[Records from a dataset]

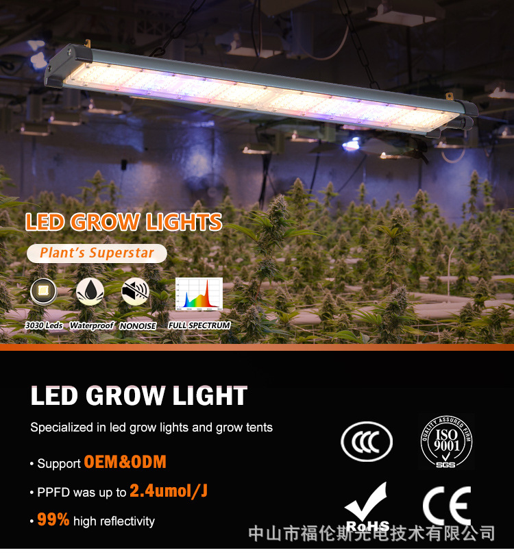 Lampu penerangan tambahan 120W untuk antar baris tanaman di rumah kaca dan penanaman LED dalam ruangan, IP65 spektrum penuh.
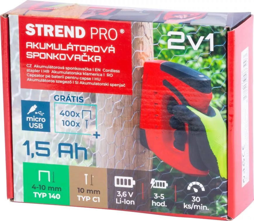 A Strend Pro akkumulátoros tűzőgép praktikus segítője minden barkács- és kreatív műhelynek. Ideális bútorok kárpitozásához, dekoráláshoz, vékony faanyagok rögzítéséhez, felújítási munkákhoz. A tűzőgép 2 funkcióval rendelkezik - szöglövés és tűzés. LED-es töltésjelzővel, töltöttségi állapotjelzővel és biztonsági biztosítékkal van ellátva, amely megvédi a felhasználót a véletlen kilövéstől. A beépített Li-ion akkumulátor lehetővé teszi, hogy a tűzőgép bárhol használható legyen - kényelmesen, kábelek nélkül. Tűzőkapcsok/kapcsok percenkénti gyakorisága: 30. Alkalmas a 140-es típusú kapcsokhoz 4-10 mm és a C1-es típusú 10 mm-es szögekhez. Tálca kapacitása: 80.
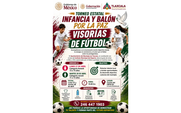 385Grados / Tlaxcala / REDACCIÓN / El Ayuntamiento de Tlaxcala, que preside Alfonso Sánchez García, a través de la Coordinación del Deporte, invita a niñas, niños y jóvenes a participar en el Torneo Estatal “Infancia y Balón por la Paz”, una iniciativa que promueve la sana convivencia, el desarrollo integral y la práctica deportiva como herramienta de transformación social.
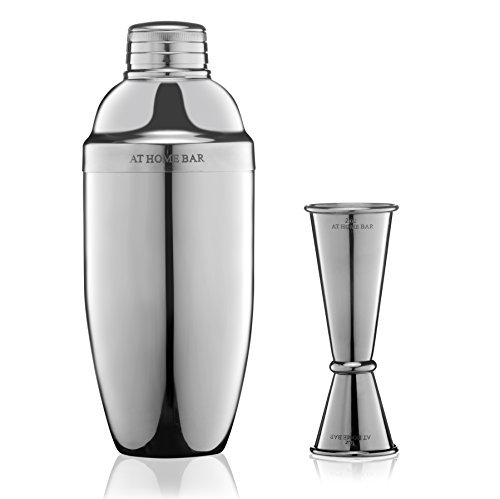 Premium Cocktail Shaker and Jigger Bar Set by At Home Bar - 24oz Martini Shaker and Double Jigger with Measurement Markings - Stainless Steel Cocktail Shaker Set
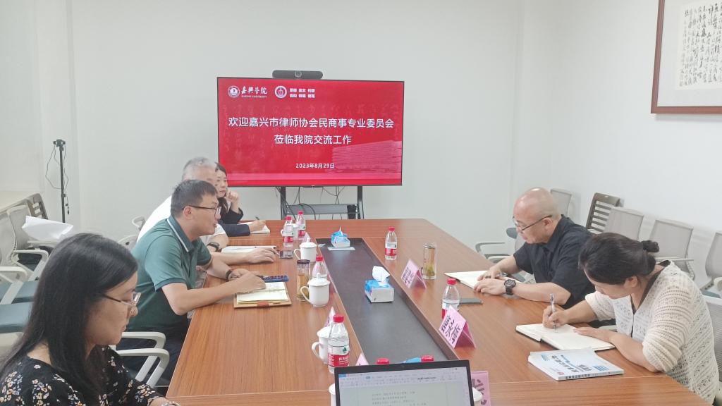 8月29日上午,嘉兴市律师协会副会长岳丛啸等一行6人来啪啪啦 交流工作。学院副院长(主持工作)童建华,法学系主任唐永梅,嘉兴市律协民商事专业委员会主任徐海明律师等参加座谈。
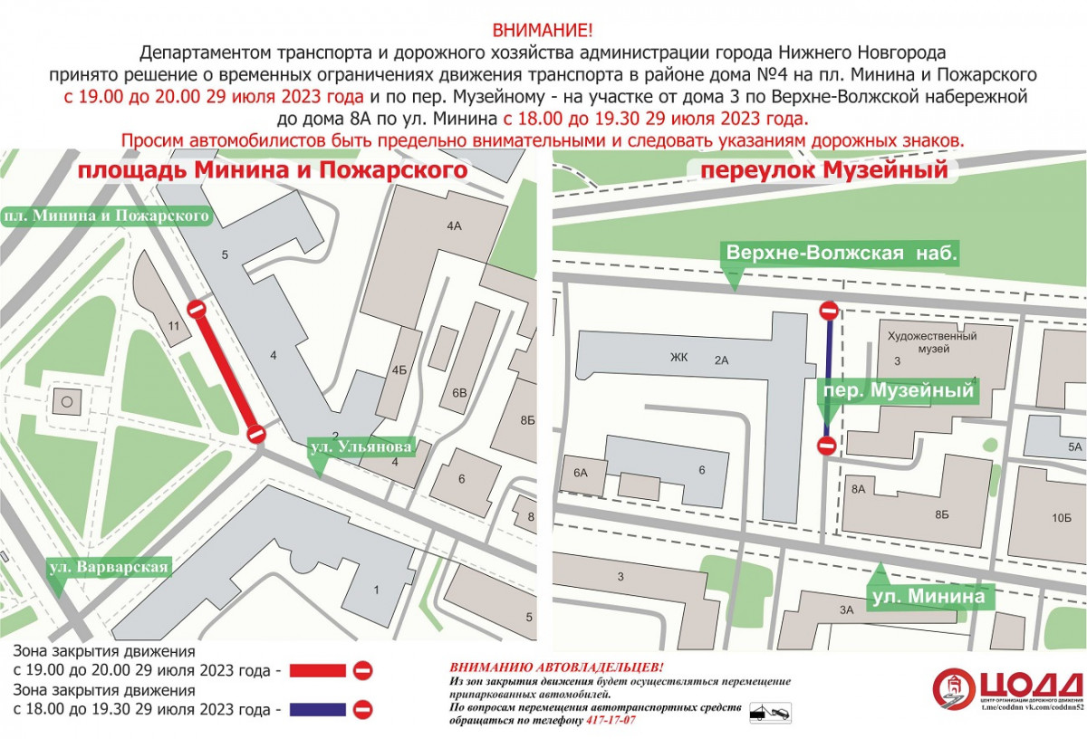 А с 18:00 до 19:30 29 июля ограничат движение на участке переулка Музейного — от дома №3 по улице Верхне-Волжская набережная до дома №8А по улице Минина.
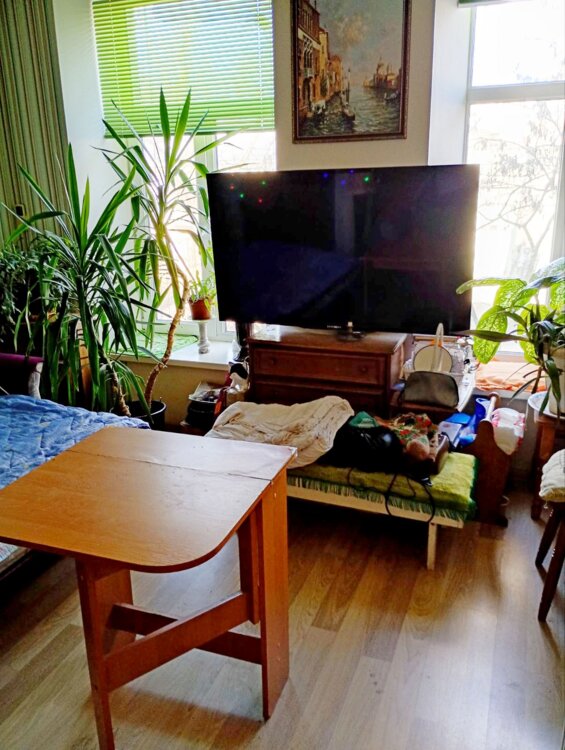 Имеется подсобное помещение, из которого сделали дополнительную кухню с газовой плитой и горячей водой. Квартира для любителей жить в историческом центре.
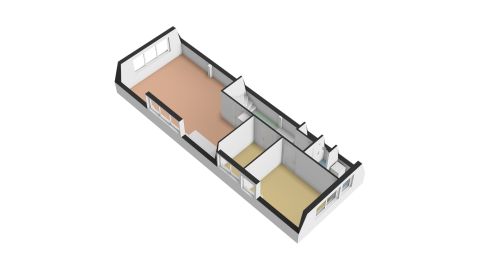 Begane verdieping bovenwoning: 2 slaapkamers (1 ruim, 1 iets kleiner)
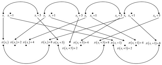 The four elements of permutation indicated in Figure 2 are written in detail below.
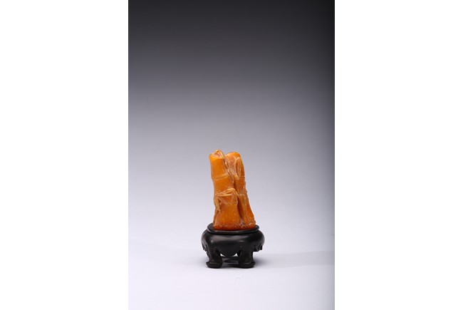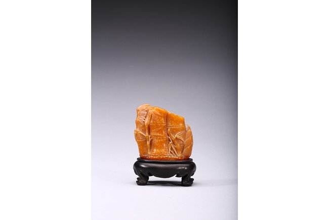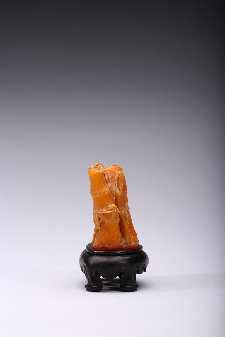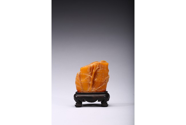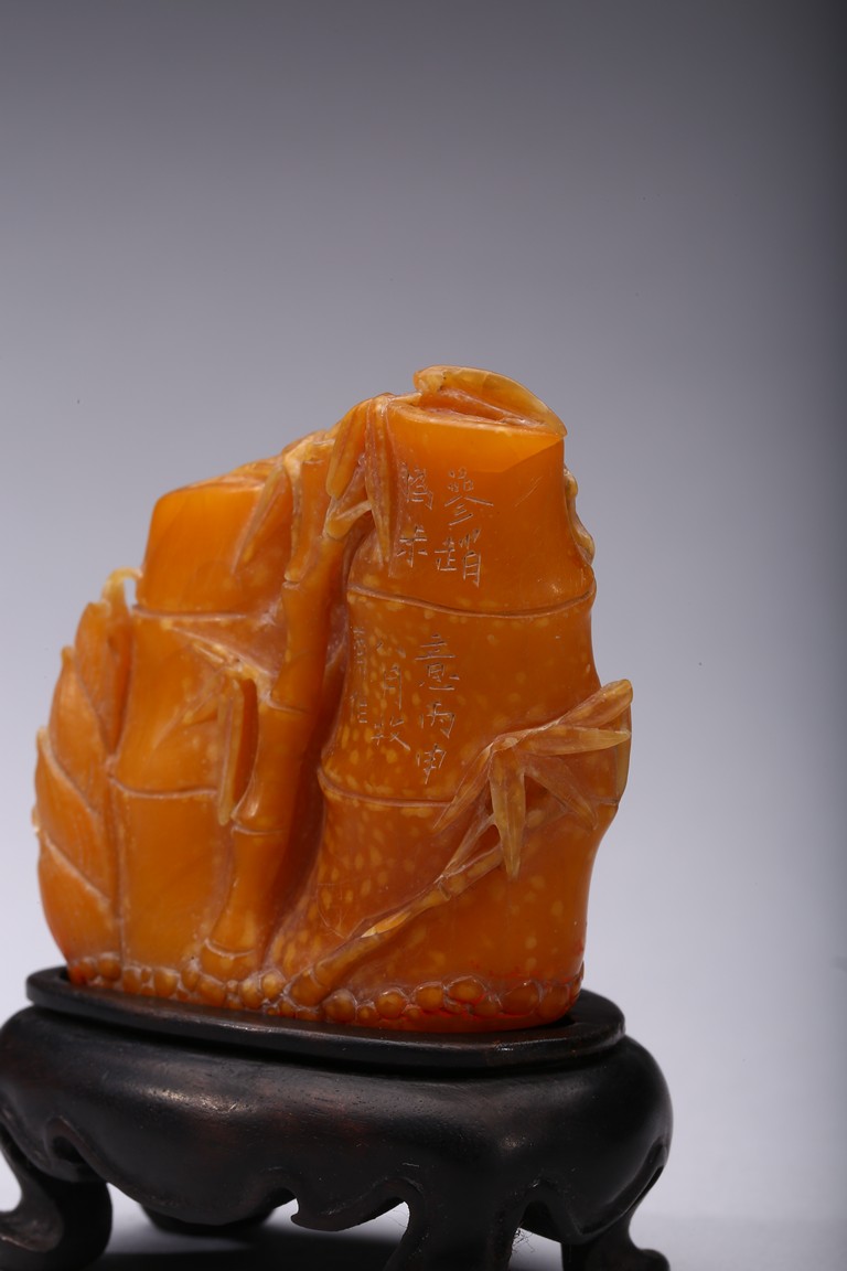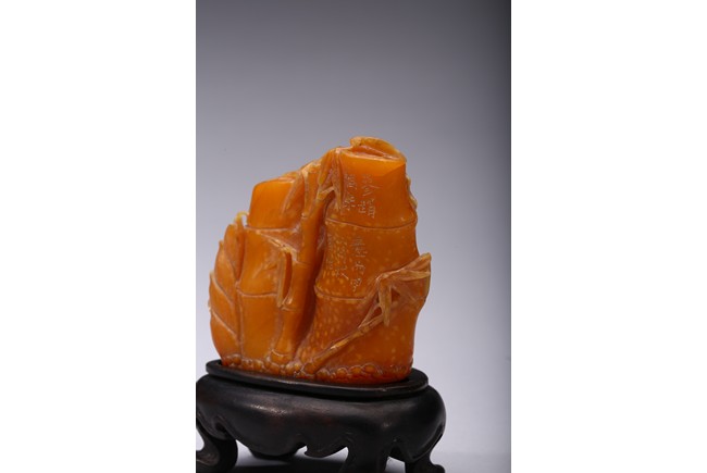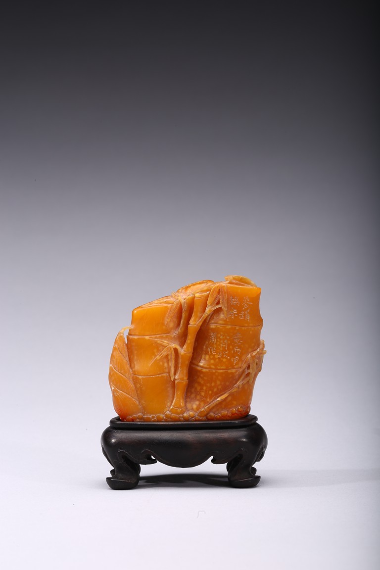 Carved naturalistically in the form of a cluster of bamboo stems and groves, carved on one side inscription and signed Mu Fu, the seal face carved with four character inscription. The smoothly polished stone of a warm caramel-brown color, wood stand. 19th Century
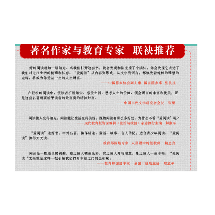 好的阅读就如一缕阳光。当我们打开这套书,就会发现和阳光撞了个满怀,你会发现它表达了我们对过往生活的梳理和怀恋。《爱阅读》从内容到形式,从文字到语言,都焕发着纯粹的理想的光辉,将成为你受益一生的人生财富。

- Your assignment:
Each record above should be copied character for character, with pictures dropped.

- Answer:
 Lampu penerangan tambahan 120W untuk antar baris tanaman di rumah kaca dan penanaman LED dalam ruangan, IP65 spektrum penuh.
 A Strend Pro akkumulátoros tűzőgép praktikus segítője minden barkács- és kreatív műhelynek. Ideális bútorok kárpitozásához, dekoráláshoz, vékony faanyagok rögzítéséhez, felújítási munkákhoz. A tűzőgép 2 funkcióval rendelkezik - szöglövés és tűzés. LED-es töltésjelzővel, töltöttségi állapotjelzővel és biztonsági biztosítékkal van ellátva, amely megvédi a felhasználót a véletlen kilövéstől. A beépített Li-ion akkumulátor lehetővé teszi, hogy a tűzőgép bárhol használható legyen - kényelmesen, kábelek nélkül. Tűzőkapcsok/kapcsok percenkénti gyakorisága: 30. Alkalmas a 140-es típusú kapcsokhoz 4-10 mm és a C1-es típusú 10 mm-es szögekhez. Tálca kapacitása: 80.
 385Grados / Tlaxcala / REDACCIÓN / El Ayuntamiento de Tlaxcala, que preside Alfonso Sánchez García, a través de la Coordinación del Deporte, invita a niñas, niños y jóvenes a participar en el Torneo Estatal “Infancia y Balón por la Paz”, una iniciativa que promueve la sana convivencia, el desarrollo integral y la práctica deportiva como herramienta de transformación social.
 Premium Cocktail Shaker and Jigger Bar Set by At Home Bar - 24oz Martini Shaker and Double Jigger with Measurement Markings - Stainless Steel Cocktail Shaker Set
 8月29日上午,嘉兴市律师协会副会长岳丛啸等一行6人来啪啪啦 交流工作。学院副院长(主持工作)童建华,法学系主任唐永梅,嘉兴市律协民商事专业委员会主任徐海明律师等参加座谈。
 А с 18:00 до 19:30 29 июля ограничат движение на участке переулка Музейного — от дома №3 по улице Верхне-Волжская набережная до дома №8А по улице Минина.
 Имеется подсобное помещение, из которого сделали дополнительную кухню с газовой плитой и горячей водой. Квартира для любителей жить в историческом центре.
 Begane verdieping bovenwoning: 2 slaapkamers (1 ruim, 1 iets kleiner)
 The four elements of permutation indicated in Figure 2 are written in detail below.
 Carved naturalistically in the form of a cluster of bamboo stems and groves, carved on one side inscription and signed Mu Fu, the seal face carved with four character inscription. The smoothly polished stone of a warm caramel-brown color, wood stand. 19th Century
 好的阅读就如一缕阳光。当我们打开这套书,就会发现和阳光撞了个满怀,你会发现它表达了我们对过往生活的梳理和怀恋。《爱阅读》从内容到形式,从文字到语言,都焕发着纯粹的理想的光辉,将成为你受益一生的人生财富。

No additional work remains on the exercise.